Yang Nan, Ren Zhili, Zheng Ji, Feng Lu, Li Dongmei, Gao Kai, Zhang Lianfeng, Liu Yanyong, Zuo Pingping
Department of Pharmacology, Institute of Basic Medical Sciences, Chinese Academy of Medical Sciences & Peking Union Medical College, Beijing, 100005, China.
Key Laboratory of Human Disease Comparative Medicine, Institute of Laboratory Animal Science, Chinese Academy of Medical Sciences & Comparative Medical Center, Peking Union Medical College, China.
Neuropharmacology. 2016 Jun;105:587-593. doi: 10.1016/j.neuropharm.2016.02.031. Epub 2016 Feb 27.
Most current pharmacologic antidepressant treatments target monoaminergic systems confronts some problems such as low rate of remission and high risk for relapse indicating new therapeutic strategy is urgently need. Evidences showed that impairments in mitochondrial function were associated with the pathogenesis of mood disorders and improvement in its function may be a novel therapeutic choice. In the present study, effects of 5-(4-hydroxy-3-dimethoxybenzylidene)-2-thioxo-4-thiazolidinone (RD-1) were investigated in mice model of depression/anxiety induced by corticosterone (20 mg/kg) subcutaneously repeated injections in 5-week male BALB/c mice. Our results showed that five weeks of corticosterone administration induced anxiety/depressive-like behavioral changes, including decreased central activities in open field test, increased the immobility time in forced swimming test and the latency in the novelty-suppressed feeding test, as well as reduced bodyweight. Results showed that oral administration with RD-1 at the doses of 25, 50, and 100 mg/kg for five weeks significantly improved the anxiety/depressive-like behavioral changes induced by corticosterone. In glucose metabolism analysis by photon emission computed tomography/-computed tomography (PET/CT) imaging, corticosterone significantly deactivated the prefrontal cortex (PFC), temporal lobe and hippocampus. RD-1 treatment obviously improved the energy metabolism in the involved brain regions. In primary cultured hippocampal neuron, corticosterone reduced speed of anterograde transport, yet speed of retrograde transport was increased. Furthermore, RD-1 enhanced the mitochondrial anterograde transport to supply energy for the neurotransmitter release. In conclusion, RD-1 prevents anxiety/depressive-like behavior of mice induced by corticosterone repeated injections with novel mechanism of improvement in the mitochondrial function.

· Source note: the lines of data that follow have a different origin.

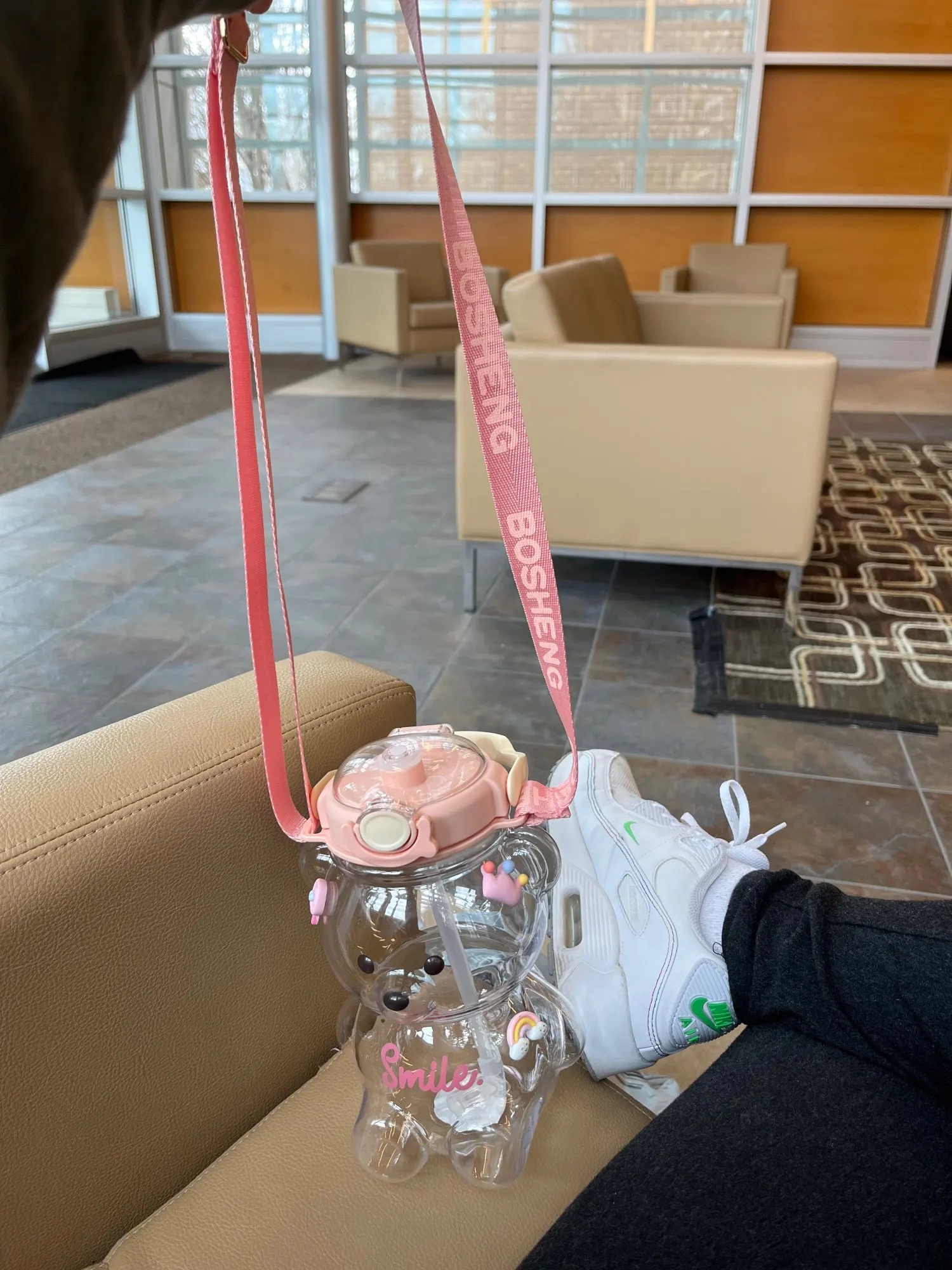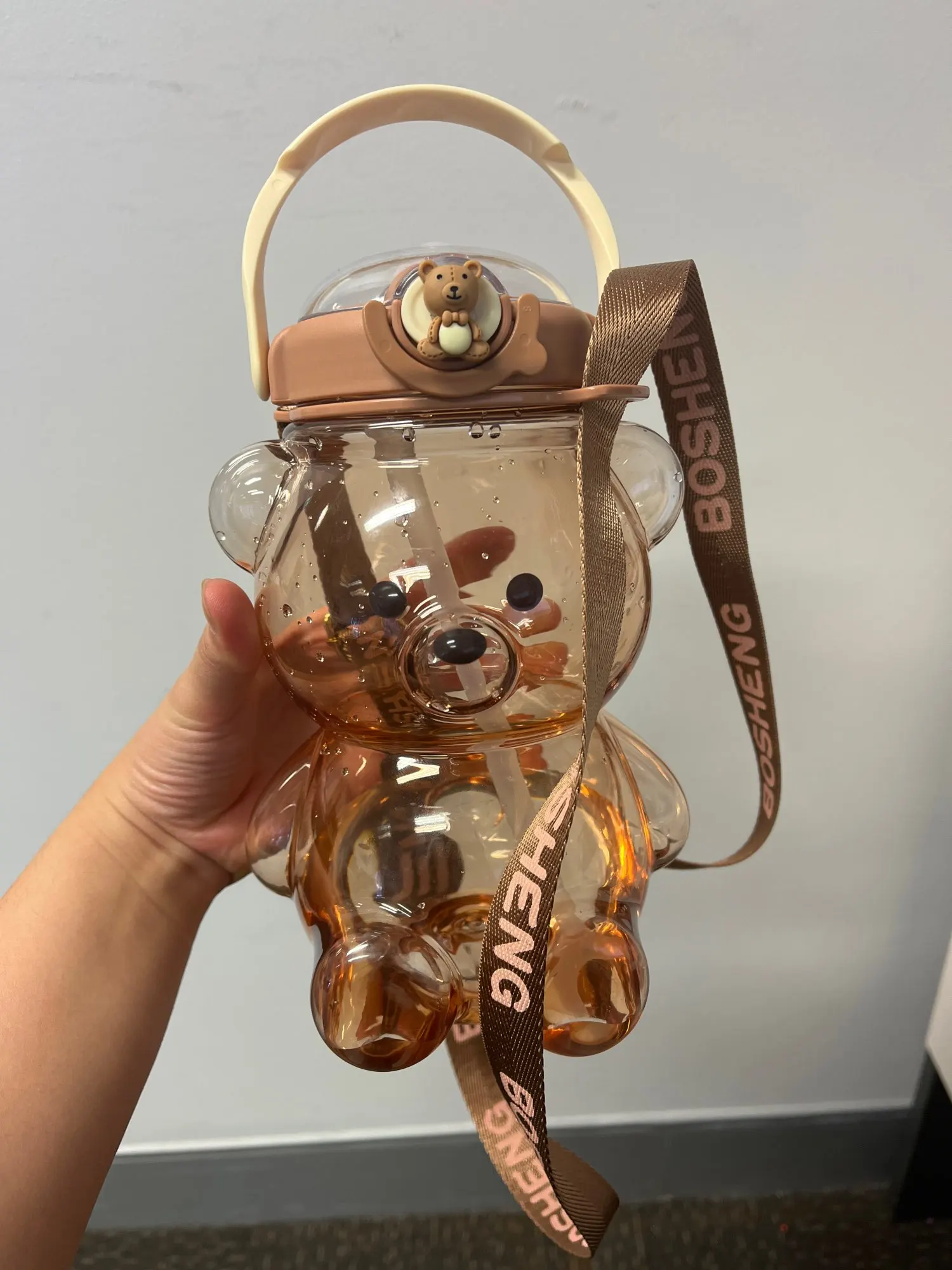 Not only is this water bottle functional, but it also adds a cute and fashionable touch to any outfit. Whether you're at school, the gym, or out and about, this adorable bear-shaped bottle will catch everyone's attention. It can even double as a phone holder, adding versatility to its functionality.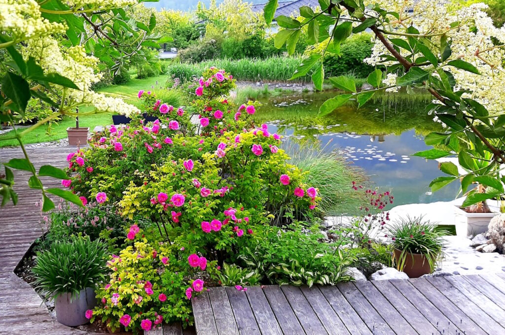 Mit der Übergabe des Elternhauses 2015, begann auch die Liebe zum Garteln. Meine Vorliebe gilt den Rosen, Stauden, geraden Linien und romantischen Farben. Dafür darf es in den Beeten gerne etwas verspielter sein. Ein Wohlfühlgarten für Mensch und Tier. Mit einer Beerenecke, verschiedenen Obst und Schattenbäumen, Blumenbeeten, 6 Hühnern, Lounge mit Pool usw. ist bestimmt für Jeden was dabei.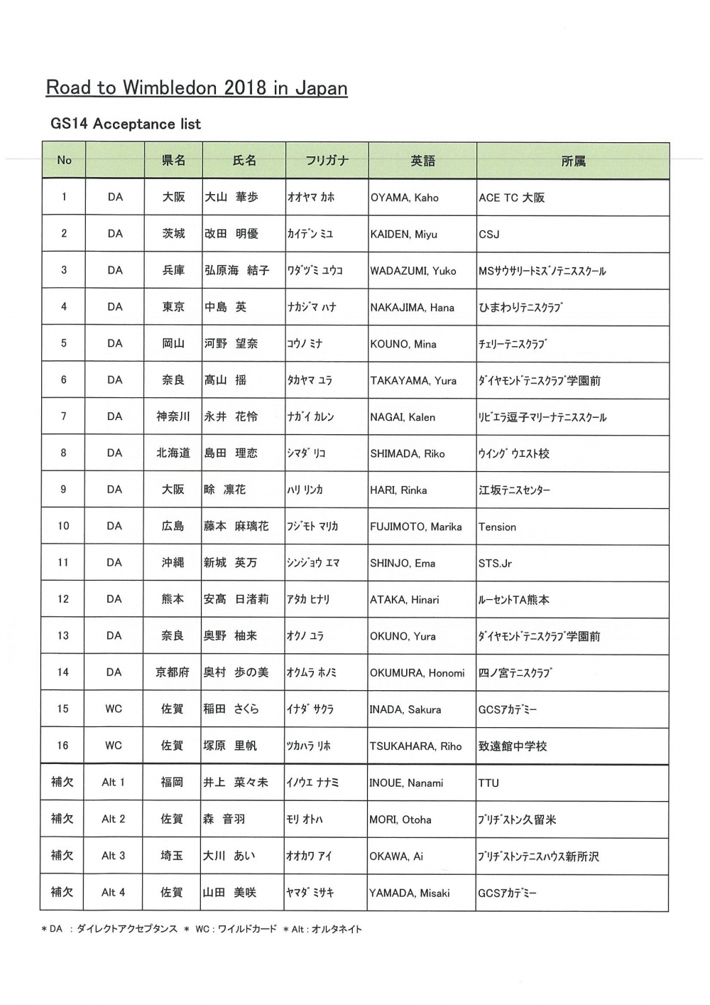 『 Road to Wimbledon 2018 in Japan 』の出場選手に対し応援のメッセージが届きました。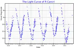 R Cancri is a Mira variable in the constellation Cancer. Located approximately 250 parsecs (830 ly) distant, it varies between magnitudes 6.07 and 12.3 over a period of approximately 357 days.[3]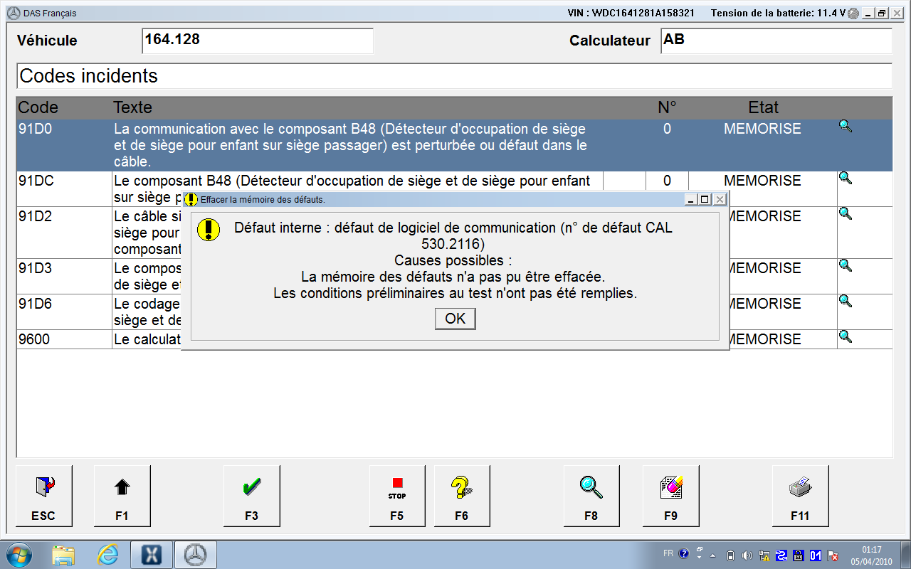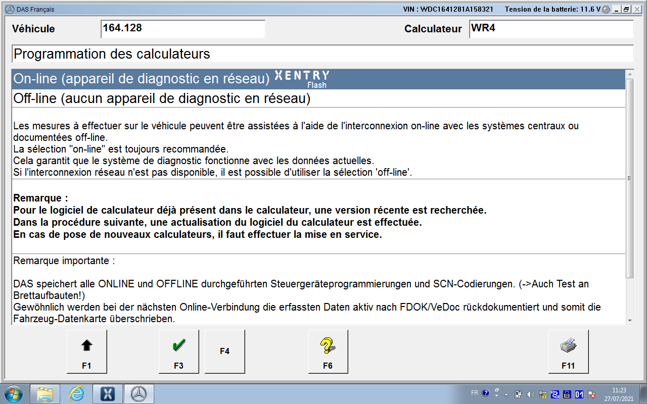Voici un retour. Au démarrage j'ai voulu tester la procédure avec le module passerelle que zenata m'a fourni, juste pour voir si OK déjà de ce côté là, impossible d'avoir le mode offline avec la version de Xentry que j'utilise Après quelques recherches j'ai trouvé un petit utilitaire (dispo sur le HDD) qui lance une invite de commande et qui peut activer/désactiver le menu offline Ensuite j'ai voulu tester avec le module airbag, mais là le menu n'est pas disponible Une mise en service et impossible avec un calculateur déjà monté/occasion car il est verrouillé Le menu dont j'ai parlé et qui me demande un code n'a rien à voir avec ce que je cherche à faire aujourd'hui (normalement j'ai trouvé aussi un utilitaire pour faire sauter ces codes) Suite à ça j'ai essayé de tester le détecteur d'occupation de siège en dynamique avec le soft, et il fonctionne J'ai quand même testé de le désactiver dans les codages Mais idem, toujours ce code défaut à l'effacement des DTC général Et cette erreur à l'effacement des DTC du module airbag J'ai ensuite essayé différent codage dans le module airbag, qui ont été pire car m'ont remontés des DTC que je n'avais pas au départ, car véhicule pas équipé de ces options, j'ai remis les codages à l'origine, mais je ne peux pas effacer les DTC car module verrouillé. Voici les références du module airbag monté actuellement Et voici les icônes présentes sur le bureau A l'heure actuelle je suis donc bloqué et je ne sais plus quoi faire (mise à part un module neuf chez MB, et encore pas sur que je puisse le mettre en service offline (même si déverrouillé). Merci à tous ceux qui m'apporteront leur aide. |

目前大多数抗抑郁药物治疗都针对单胺能系统,但面临一些问题,如缓解率低和复发风险高,这表明迫切需要新的治疗策略。有证据表明,线粒体功能受损与情绪障碍的发病机制有关,改善其功能可能是一种新的治疗选择。在本研究中,我们在5周龄雄性BALB/c小鼠皮下重复注射皮质酮(20mg/kg)诱导的抑郁/焦虑小鼠模型中研究了5-(4-羟基-3-二甲氧基苄叉)-2-硫代-4-噻唑烷酮(RD-1)的作用。我们的结果表明,连续5周给予皮质酮会诱导焦虑/抑郁样行为改变,包括旷场试验中自主活动减少、强迫游泳试验中不动时间增加、新奇抑制摄食试验中潜伏期延长以及体重减轻。结果显示,以25、50和100mg/kg的剂量口服RD-1 5周可显著改善皮质酮诱导的焦虑/抑郁样行为改变。在通过正电子发射断层扫描/计算机断层扫描(PET/CT)成像进行的葡萄糖代谢分析中,皮质酮显著使前额叶皮质(PFC)、颞叶和海马失活。RD-1治疗明显改善了相关脑区的能量代谢。在原代培养的海马神经元中,皮质酮降低了顺行运输速度,但逆行运输速度增加。此外,RD-1增强了线粒体顺行运输,为神经递质释放提供能量。总之,RD-1通过改善线粒体功能的新机制预防了皮质酮重复注射诱导的小鼠焦虑/抑郁样行为。